Trois arcades sur un géant de pierre délaissé au sommet d’une colline au cœur d’Achrafieh. Voilà ce qu’il reste de la demeure beyrouthine d’Alphonse de Lamartine, célèbre poète et homme politique français du XIXᵉ siècle. En réalité, si l’on se fie à l’architecture de la bâtisse, dont la partie supérieure date de la seconde moitié du XIXᵉ siècle, seul le rez-de-chaussée existait lors de son séjour (septembre 1832 – avril 1833). Une demeure rurale aux plafonds voûtés et dont le toit plat constituait comme ailleurs au Liban, un lieu de vie à part entière, accueillant réunions et repas.
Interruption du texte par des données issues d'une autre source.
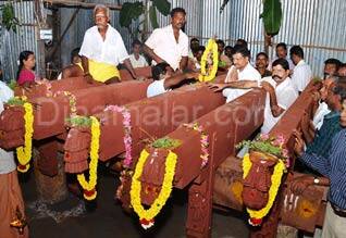 தஞ்சாவூர்: பெரியகோவிலுக்கு புதிய பிரம்மாண்டமான தேர், 50 லட்சம் ரூபாய் மதிப்பில் அமைப்பு பணிகள், தற்போது தீவிரமாக நடந்து வருகிறது. இதன் ஒருபகுதியாக, தேர் அடிப்பாகம் பொருத்தும் பணியை, சிறப்பு பூஜை நடத்தி, ஸ்தபதிகள் துவங்கினர். தஞ்சை பெரியகோவிலுக்கு பிரம்மாண்டமான புதிய தேர் செய்வதற்காக, 50 லட்சம் ரூபாயை தமிழக அரசு ஒதுக்கியது. இதை கடந்த சட்டசபை தொடரில், முதல்வர் ஜெயலலிதா அறிவித்தார். இதையடுத்து தஞ்சையில் கடந்த செப்., மாதம், 16ம் தேதி பெரியகோவிலுக்கு தேர் செய்யும் பணி துவங்கப்பட்டது. தஞ்சை மேலவீதியிலுள்ள ஸ்ரீ கொங்கணேஸ்வரர் கோவில் மற்றும் ஸ்ரீ ராமர் கோவிலில் தேர் செய்யும் பணிகள், இரு பிரிவாக நடந்தது. தொடர்ந்து தற்போது ராமர் கோவில் அருகில் பெரியதாக "ஷெட் போடப்பட்டு, அதில் தேர் பாகங்கள் செய்யும் பணி தீவிரமாக நடந்து வருகிறது. இப்பணிகளில், ஸ்தபதி அரும்பாவூர் வரதராஜன் தலைமையில், ஸ்தபதிகள் ஈடுபட்டுள்ளனர். இதையடுத்து தேர் அடிப்பாகம் பொருத்தும் பணி நேற்று துவங்கியது. இதற்குரிய சம்பிரதாயப்படி, சிறப்பு பூஜை காலை, 11 மணிக்கு நடந்தது. இதில் அ.தி.மு.க., விவசாய பிரிவு மாநில செயலாளர் தங்கமுத்து, எம்.எல்.ஏ., ரங்கசாமி மற்றும் ஹிந்து அறநிலையத்துறை அதிகாரிகள் பங்கேற்றனர். பின் ஸ்தபதி வரதராஜன் கூறியதாவது: தஞ்சை பெரியகோவில் தேரில் முதல் அங்கணம் அமைக்கும் பணி தற்போது துவங்கியுள்ளது. முதல் கட்ட பணியில், ஒன்றரை அடி உயரத்தில், 40 சிற்பங்களும், 2ம் கட்ட பணியில் இரண்டேகால் அடி உயரத்தில், 56 சிற்பங்களும், 3ம் கட்ட பணியில், ஒன்றரை அடி உயரத்தில், 56 சிற்பங்களும் செதுக்கப்படும். தரைமட்டத்தில் இருந்து சிம்மாசனம் மட்டம் வரை, பதினாறு அரை அடி உயரத்தில் தேர் அமைக்கப்படும். ஒவ்வொரு சக்கரமும், ஆறரை அடி உயரமும், அச்சு நீளம், பதினான்கரை அடி உயரமும் உடையது. தேர் அமைப்பு பணி நிறைவடைந்தவுடன் நான்கு புறமும், 160 மணிகள் பொருத்தப்படும்,இவ்வாறு அவர் கூறினார்.

À l’origine, une maison rurale

Beyrouth a été un véritable changement de décor pour celui qui, après plusieurs échecs politiques en France, désirait trouver l’inspiration pour un nouveau projet littéraire. En 1832, il met littéralement les voiles vers le monde arabe, alors objet de nombreux fantasmes en Ooccident. Après trois mois de navigation en compagnie de sa femme, de sa fille Julia et de sa bibliothèque de 500 ouvrages, il arrive finalement à Beyrouth début septembre. Il s’établit au sommet de la colline de Mar Mitr (Saint Dimitri), au-dessus de l’actuel cimetière. Ce sera le port d’attache de ses différents voyages en Orient.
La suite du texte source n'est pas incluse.